Please one last one, let me show you:
1 2 3 4 5 6 7 8 9 10 11 12 13 |
if( !empty( $this->content[ 0 ] ) ) { $nulls = array_diff_key( ( array ) $this->content[ 0 ], $values ); if( $nulls ) { $nulls = array_map( function() { return ''; }, $nulls ); $values = array_merge( $values, $nulls ); } } if( !empty( $this->content ) && array_diff_key( $values, (array ) $this->content[ 0 ] ) ) { throw new Exception( 'Columns must match as of the first row' ); } |
- I used
array_diff_key()
– O(n^2) - I then used
array_map()
– O(n) array_merge()
– O(n)- Then another
array_diff_key
!
Please, that was me 🙁 I was just trying to maintain uniform columns across each row. But then, I do not know any library or PHP native function that allows you to read the first row alone without decoding all the JSON data into the buffer and perform a current()
. I came up with a solution. On typing this post, I am still preparing a standalone library to do this exact thing and publish it. I forked it from this solution.
The Solution
Well, it was an eyesore for me to see such test results. I took it upon myself to make sure insertion happens at a constant time, no matter the size of the data.

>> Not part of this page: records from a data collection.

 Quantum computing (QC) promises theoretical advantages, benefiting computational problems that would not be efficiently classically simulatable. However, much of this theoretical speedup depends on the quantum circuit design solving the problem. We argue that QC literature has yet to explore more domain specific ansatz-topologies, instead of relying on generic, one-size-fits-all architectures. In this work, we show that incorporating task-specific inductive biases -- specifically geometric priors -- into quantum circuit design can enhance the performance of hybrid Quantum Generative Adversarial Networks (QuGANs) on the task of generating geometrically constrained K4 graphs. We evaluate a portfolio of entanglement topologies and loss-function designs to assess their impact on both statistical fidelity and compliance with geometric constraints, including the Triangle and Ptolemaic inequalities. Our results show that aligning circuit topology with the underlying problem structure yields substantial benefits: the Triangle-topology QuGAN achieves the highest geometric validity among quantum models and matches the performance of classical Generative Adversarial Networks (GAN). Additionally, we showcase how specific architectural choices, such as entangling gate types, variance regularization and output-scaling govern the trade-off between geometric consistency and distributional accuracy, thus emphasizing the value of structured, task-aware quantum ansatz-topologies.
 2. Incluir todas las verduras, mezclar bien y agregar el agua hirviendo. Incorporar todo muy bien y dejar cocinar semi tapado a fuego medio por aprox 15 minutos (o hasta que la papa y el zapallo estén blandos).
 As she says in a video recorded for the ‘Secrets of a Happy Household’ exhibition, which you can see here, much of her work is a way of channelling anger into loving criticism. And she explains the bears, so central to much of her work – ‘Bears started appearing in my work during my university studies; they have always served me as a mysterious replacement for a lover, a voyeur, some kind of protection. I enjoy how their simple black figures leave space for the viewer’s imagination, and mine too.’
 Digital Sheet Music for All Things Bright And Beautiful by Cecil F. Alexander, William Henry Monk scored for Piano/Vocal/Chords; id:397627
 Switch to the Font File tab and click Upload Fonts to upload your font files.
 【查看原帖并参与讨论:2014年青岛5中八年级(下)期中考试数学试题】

The issue author offered up help on this by appending data into the JSON file. But, it was inefficient from my experience. There were still checks to be made before appending to a JSON file (e.g. What if it’s not an array of objects? What if it’s an invalid JSON already?) and also, I still need to maintain uniform columns across every row. That approach gave me an idea of how to do this. I dived deep into IO operations, this is my favourite part of programming.
I improved the user’s contribution by first creating a function to retrieve array objects chunk by chunk, without reading all the JSON data into the buffer. With this, I was able to just get the first chunk of the array object and use it to compare the new role columns. This helper function can be found in helpers/json.php
On insertion, I created a memory-safe method to perform this in src/JSONDB.php in O(1) by reading and parsing from the back. Everything happened in this commit.
The Result
1 2 3 4 5 |
Took average of 29.922322ms to insert 1000 records - BATCH 1 Took average of 27.482164ms to insert 1000 records - BATCH 2 Took average of 30.244147ms to insert 1000 records - BATCH 3 Took average of 29.854274ms to insert 1000 records - BATCH 4 Took average of 34.284435ms to insert 1000 records - BATCH 5 |
This is an improvement of over 90%. This is exact same test we performed above, but with the modifications made. It is a constant time between 20 – 30 milliseconds, which is dependent on your OS and hardware. But this is the average I get on my machine no matter the size of the data.
There are other optimizations I need to still do on the library which I will work on in my free time. You can download and run the tests on this library here. I would really love to hear your critics and feedback on my approach. I believe there must be a better and faster approach out there.